A few thoughts on the conundrum of budget nutrition…
As a student myself I can understand how fuelling your body can be expensive, time consuming and at the best of times boring! However, as a running fanatic, I can also relate to how imperative it is to make a conscious effort to look after our bodies in order to be able to improve
fitness and stay healthy (or as healthy as a student can be!). I am guilty of the student diet of pure carbohydrates at times but I have gained a fair amount of useful insight into how to improve this over the years.
Cutting Nutrition Costs While Maintaining Quality
Firstly to combat the cost.

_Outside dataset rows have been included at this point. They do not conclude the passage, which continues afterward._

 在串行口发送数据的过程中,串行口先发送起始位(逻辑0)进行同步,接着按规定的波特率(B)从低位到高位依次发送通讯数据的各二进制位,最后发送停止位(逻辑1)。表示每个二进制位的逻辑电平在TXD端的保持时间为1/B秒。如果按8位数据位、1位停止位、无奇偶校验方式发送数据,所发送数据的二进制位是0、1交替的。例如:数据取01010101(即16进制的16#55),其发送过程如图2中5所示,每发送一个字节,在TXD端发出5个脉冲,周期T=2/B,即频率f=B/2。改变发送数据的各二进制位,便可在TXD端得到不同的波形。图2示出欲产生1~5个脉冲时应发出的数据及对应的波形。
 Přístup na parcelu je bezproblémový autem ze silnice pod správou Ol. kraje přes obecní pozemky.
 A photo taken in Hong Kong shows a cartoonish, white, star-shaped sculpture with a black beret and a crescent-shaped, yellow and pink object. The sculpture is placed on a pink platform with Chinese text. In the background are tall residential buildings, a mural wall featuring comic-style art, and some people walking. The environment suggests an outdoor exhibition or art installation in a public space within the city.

While I can quite confidently say that every student will have found the ‘reduced’ section in their local supermarket, I would encourage all those on a budget to stick to their shopping list- as from my experience, the impulse purchases that often stem from what appears to be a good offer can start to rack up the cost very quickly. A good shopping list includes planned meals for each night (for cheap meal ideas there are some fantastic recipes available for free on https://www.bbcgoodfood.com) and basics for lunch and breakfast to keep the cost down.
A good shopping list includes planned meals for each night.

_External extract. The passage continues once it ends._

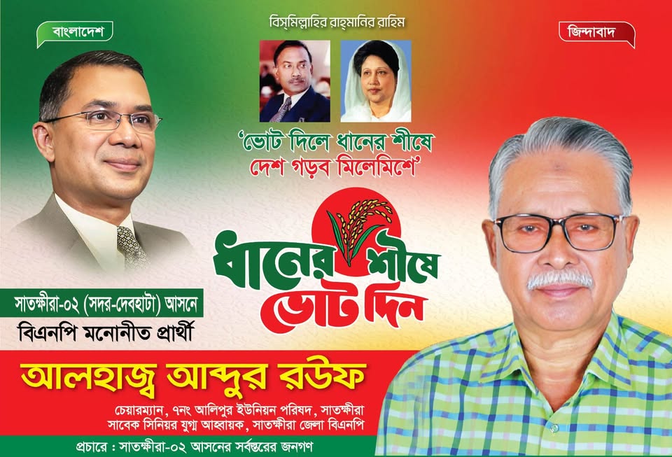 সাতক্ষীরা সদরের ফিংড়ী ইউনিয়নের কুলতিয়া ঘোষপাড়া কালী মন্দিরে অষ্ট প্রহর নামযজ্ঞ অনুষ্ঠানে অংশ নিয়ে অসাম্প্রদায়িক, নিরাপদ ও সমৃদ্ধ বাংলাদেশ বিনির্মাণের অঙ্গীকার ব্যক্ত করেছেন সাতক্ষীরা-২ (সাতক্ষীরা সদর–দেবহাটা) আসনে বিএনপি মনোনীত ধানের শীষের প্রার্থী আলহাজ্ব মো. আব্দুর রউফ। বৃহস্পতিবার (১১ ডিসেম্বর) অনুষ্ঠানে সভাপতিত্ব করেন কালী মন্দির পরিচালনা কমিটির সভাপতি বাপী ঘোষ। প্রধান বিস্তারিত..

Your breakfast is a good opportunity to get some fibre into your diet- either brown toast or a fibre-rich cereal such as wheetabix would be great for this. However I would encourage you not to get drawn into buying big brands for any of your food. Supermarket own-branded food often tastes exactly the same… you might even like it more. For lunch the go-to has to be sandwiches- they’re cheap and don’t require much time out of a hectic schedule. However, sandwiches can be made into a cheap source of protein by adding tuna or egg mayo as a filling. Also, don’t forget brown bread has a higher protein content.
To tackle the time restraint on cooking dinner definitely get organised and batch cook.

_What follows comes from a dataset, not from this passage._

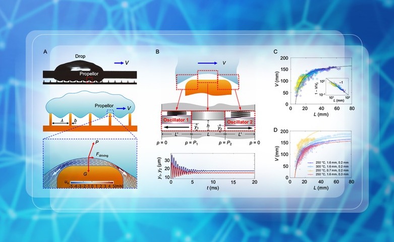 近日,清华大学航院研究人员发现并揭示了一种全新的机制:在对称结构表面上,莱顿弗罗斯特液滴能够实现稳定的自驱动,这一发现打破了只有非对称结构才能驱动液滴定向输运的传统观点。

To tackle the time restraint on cooking dinner definitely get organised and batch cook. There’s no need to eat the same meal four nights straight either as most meals will freeze for another week. To make cheap pasta meals a bit healthier, consider adding frozen veg (particularly spinach is great if your not a vegetable fan because it has a high iron content but cooks down to have no real taste).
One delivery service which doesn’t have this issue is ASDA, who only have a minimum spend of £25.
Another way to reduce time spent on your nutrition is to online shop. Not only does this tend to bring the cost down, as you’re less likely to impulse buy, but also this saves you the effort of having to take a bus or even use up petrol in your car by going to the supermarket. Having tried many different online supermarkets, I have found the biggest problem to be the minimum spend. Unfortunately the majority of supermarkets require a minimum spend of £40 to deliver, which is a crazy amount of food unless you are shopping for multiple people! One delivery service which doesn’t have this issue is ASDA, who only have a minimum spend of £25. However, my favourite place to buy groceries is actually amazon! Amazon now offer a service called amazon fresh which has a huge variety of food from basic groceries to fresh food from local producers. The service does have a minimum spend of £40 and you do have to have an amazon prime account (so for some ASDA or a similar supermarket may be a more efficient option), however I prefer it for the variety of fresh and healthy food available.
To conclude, a tight budget needn’t exclude a healthier diet. With a little planning and organisation you can feed your body for performance, to ultimately see the results you have been training for. Therefore to all student athletes I wish you the best of luck with both your running and your budget!